Cloning of the LIA1 gene. We initially cloned a partial LIA cDNA, GenBank accession no. EF219411 (37). The entire LIA1 coding sequence plus flanking genomic DNA was cloned using modified vectorette PCR (31). Tetrahymena genomic DNA was digested with BglII, XbaI, or Sau3A ligated to the indicated oligonucleotide (VKT7r, 5'-TCCTCTCCTGTGACAGACGCCAAGCTCGAAATTAACCCTCTTCTGCC-3') that had been annealed to one of the following partner oligonucleotides creating 4-bp, 5' overhangs that are compatible "sticky ends" to join with cut genomic DNA (VKT7-Xba, 5'-CTAGGGCAGAAGAGACAGCGACGTAATACGACAGGAGAGG-3', or VKT7-Bam, 5'-GATCGGCAGAAGAGACAGCGACGTAATACGACAGGAGAGG-3'). Ligation products were used as templates in PCRs using nested LIA1-specific primers and nested vectorette anchor primers, Bubl3 (5'-CCTGTGACAGACGCCAAGCTCGAAA-3') and T3 (5'-CGCCAAGCTCGAAATTAACCCT-3'). Amplified PCR products were then cloned into pCR2.1 using Invitrogen's TA PCR cloning kit. Cloned products were sequenced using dye terminators (Applied Biosystems).

Coding region fragments were amplified from genomic DNA or random-primed cDNA using oligonucleotides 5'-AACCTCGAGATGACAGGAAAAAAATAACAACCT-3' and 5-AAAGGGCCCAATAGTTAATTAATTAATTGC-3', which added an XhoI site immediately upstream of the ATG start codon and an ApaI site to the downstream end of the PCR fragment. After TA cloning of the amplified product into pCR2.1, these restriction sites were used to fuse the cDNA downstream of, and in frame with, GFP in pCGF-1 (37). Subsequently, LIA1 coding sequence amplified from genomic DNA was cloned into pENTR-D (Invitrogen) and recombined into pIGF-gtw to create an inducible GFP-Lia1 fusion under the control of the MTT1 promoter (37).

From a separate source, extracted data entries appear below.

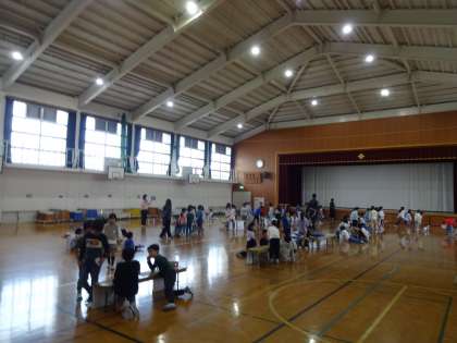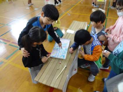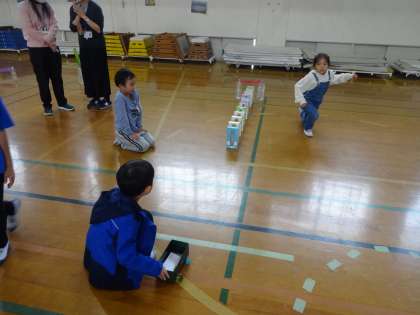 3,4時間目、体育館から何やら楽しそうな声が聞こえていたので、のぞいてみると、1,2年生が生活科の学習をしていました。2年生が「あそんで ためして くふうして」の学習で作ったいろいろな遊びを1年生に紹介し、楽しく遊んでいました。
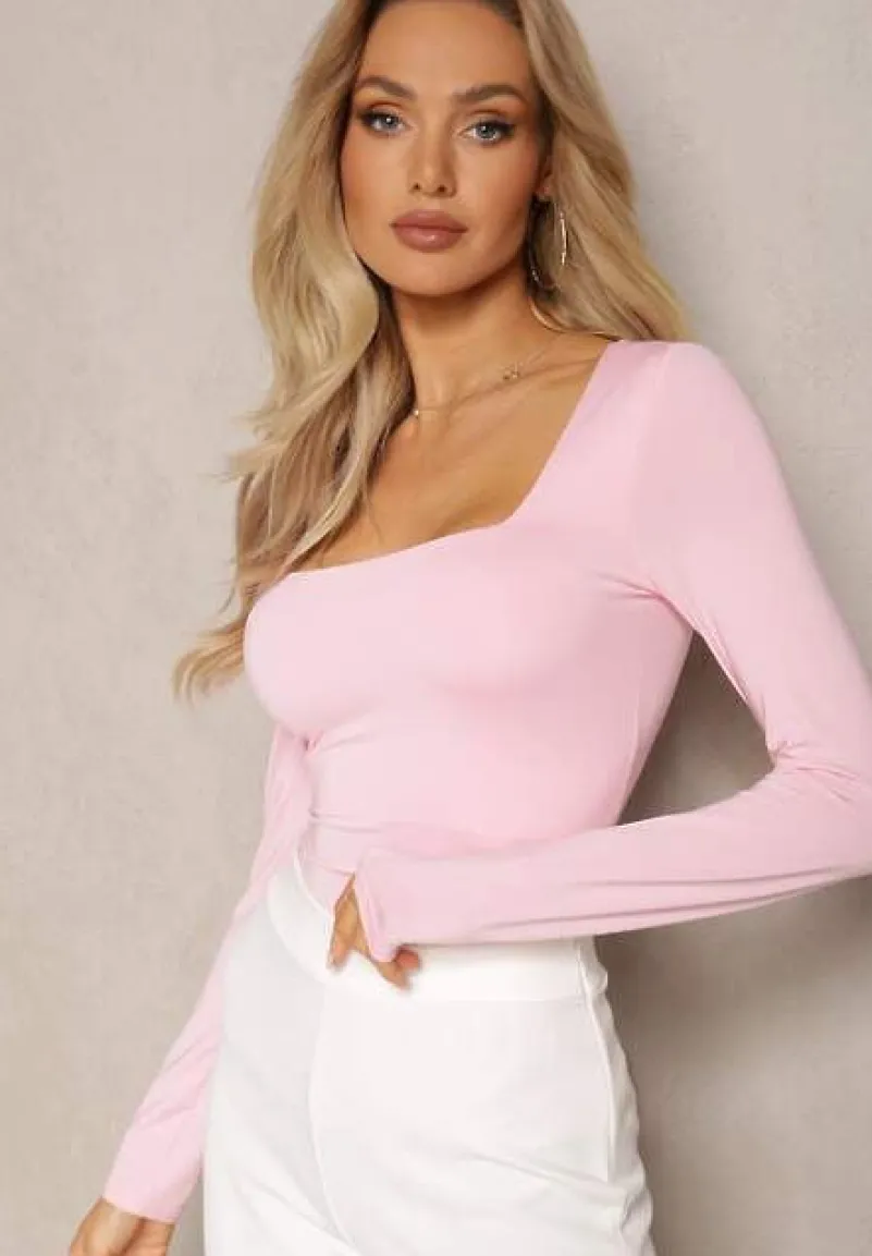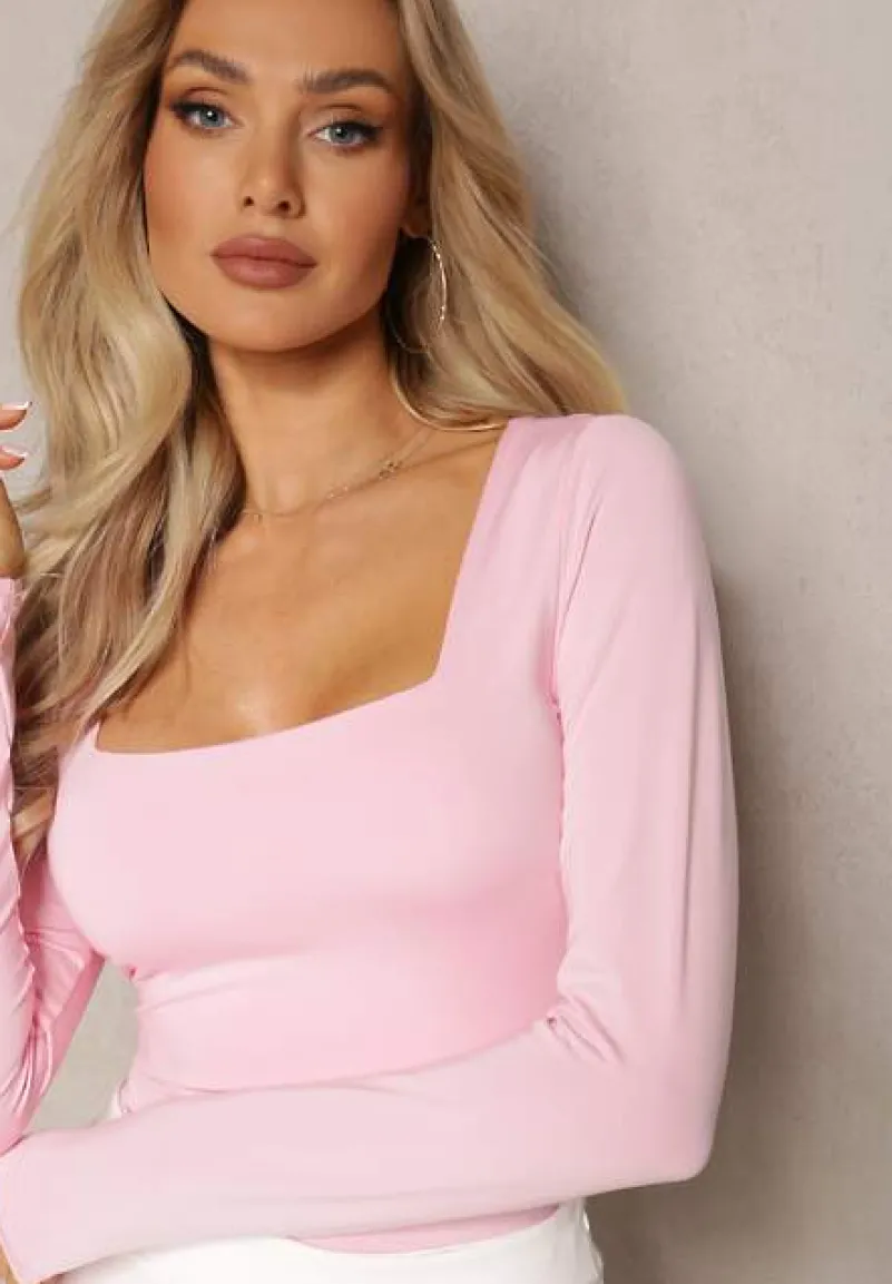 Bluzka Seliusei z głębokim, kwadratowym dekoltem (trend alert!). Z długim rękawem. Dopasowany fason podkreśli sylwetkę, standardowa długość. Zakryte plecy. Wykonana z jednokolorowej dzianiny. To bluzka, która będzie doskonałą bazą do looków w różnym stylu.
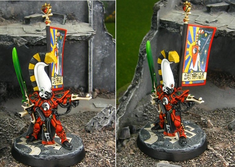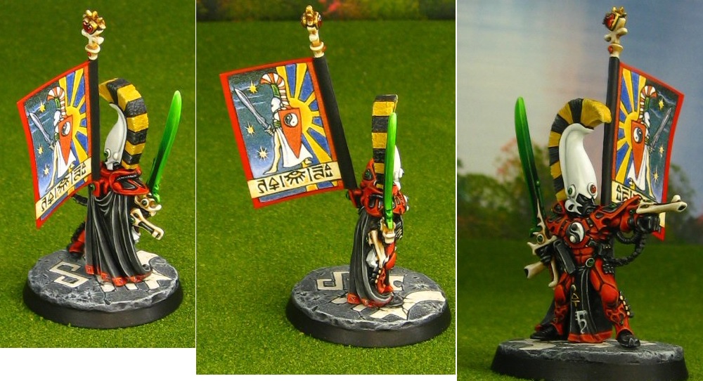 Second, is the older metal Phoenix Lord Asurmen model painted in Saim-Hann colors. The customer wanted this model to match up with the rest of his Saim-Hann Eldar army. The banner is from the Original Eldar Codex from 1994 page 37. "Asurmen's Banner". The customer wanted the model on a larger base. I carved a ruined Saim-Hann symbol into the "concrete" base to make it look like he is standing in an Eldar Ruin. Again, to match the rest of the army.
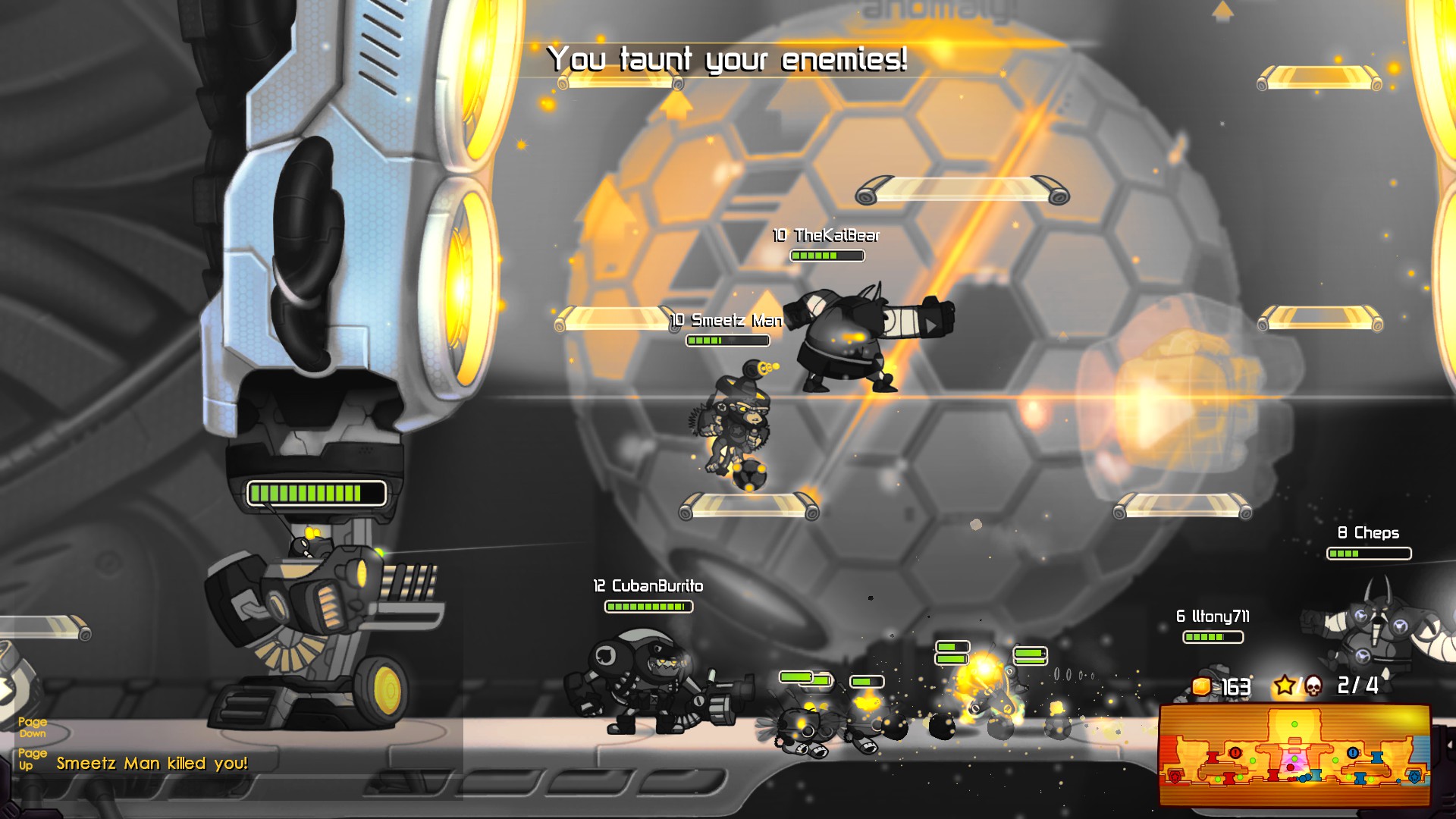 These guys had a brutal setup. If you stepped past the turret anywhere near the Skolldir, he would toss directly into Yuri’s bomb-nest, pretty much getting an instant kill. This continued for quite a while until I finally got my knife and clone upgrades all bought up and attempted to stealth over the bombs, wait for a fresh clone, and then drop and use the clone to help soak damage from the turret to solo-push.
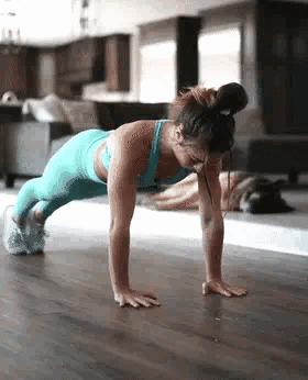 身體呈一條直線,雙手撐地與肩同寬,雙腳併攏。慢慢彎曲手臂使胸部貼地,然後推回原位。這個動作能鍛鍊上肢和胸部的肌肉,提高代謝率。
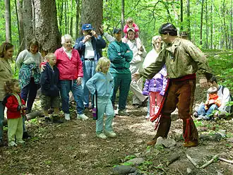 Local folklore recounts Ottawa Chief Pontiac's burial on the island.[7] To test the validity of these accounts, a limited excavation was conducted on a site the islanders referred to as "Pontiacs Mound" during a 2008 excavation. The results of the test suggested that it "appears to be only one of several rather level promontories extending without discernible interruption from the central plateau of the island toward northwestern shore. While additional deep testing may reveal other information, at this time the most appropriate hypothesis is to regard all of these adjacent landforms as non-cultural portions of the higher soils, dissected by centuries [if not millennia] of natural headward erosion and downslope weathering."[8]

Construction of the LIA1 germ line knockout. The LIA1 targeting knockout construct contained 1.1 kbp of upstream genomic sequence (CH445662; nucleotide [nt] 333246 to nt 334349) and 0.9 kbp of downstream sequence (CH445662; nt 335672 to nt 336561) flanking each side of the NEO3 cassette (32); the bacterial neomycin gene, which confers paromomycin resistance (Pm-r) on transformed cells, was expressed from the cadmium (Cd²⁺)-inducible MTT1 promoter. The LIA1 knockout construct, linearized by XhoI and SacI digestion, was used to coat 0.6 mM gold particles and introduced into mating B2086 and CU428 cells between 2.5 and 3.5 h postmixing by particle bombardment as described elsewhere (6, 7). Transformants with incomplete replacement of macronuclear LIA1 copies with the LIA1 allele were subcloned into medium containing 1 µg/ml CdCl₂ and increasingly higher concentrations of paromomycin until all macronuclear chromosomes contained the mutant allele due to phenotypic assortment. These heterozygous (lia1::neo3/LIA1 [Cd²⁺-pm-r]) transformants were crossed to star strains B*VI and B*VII to generate one homokaryon LIA1 strain (lia1::neo3/lia1::neo3 [Cd²⁺-pm-r]) and two homozygous germ line-knockout heterokaryon strains, BVI LIA1 (lia1::neo3/lia1::neo3 [VI, LIA1⁺ Cd²⁺-pm-s]) and BVII LIA1 (lia1::neo3/lia1::neo3 [VII, LIA1⁺ Cd²⁺-pm-s]). BVI and BVII LIA1 germ line-knockout heterokaryons, which produced viable progeny due to sufficient expression of LIA1 from the parental macronucleus, were crossed to obtain additional complete LIA1 homozygous homokaryon strains (LIA1 1.1, 1.2, 3.4, 4.7, and 4.12). These were used for phenotypic analyses with the initially generated complete micronuclear and macronuclear knockout lines described above. Complete elimination of the LIA1 gene was confirmed by genomic PCR and Southern blot hybridization analysis.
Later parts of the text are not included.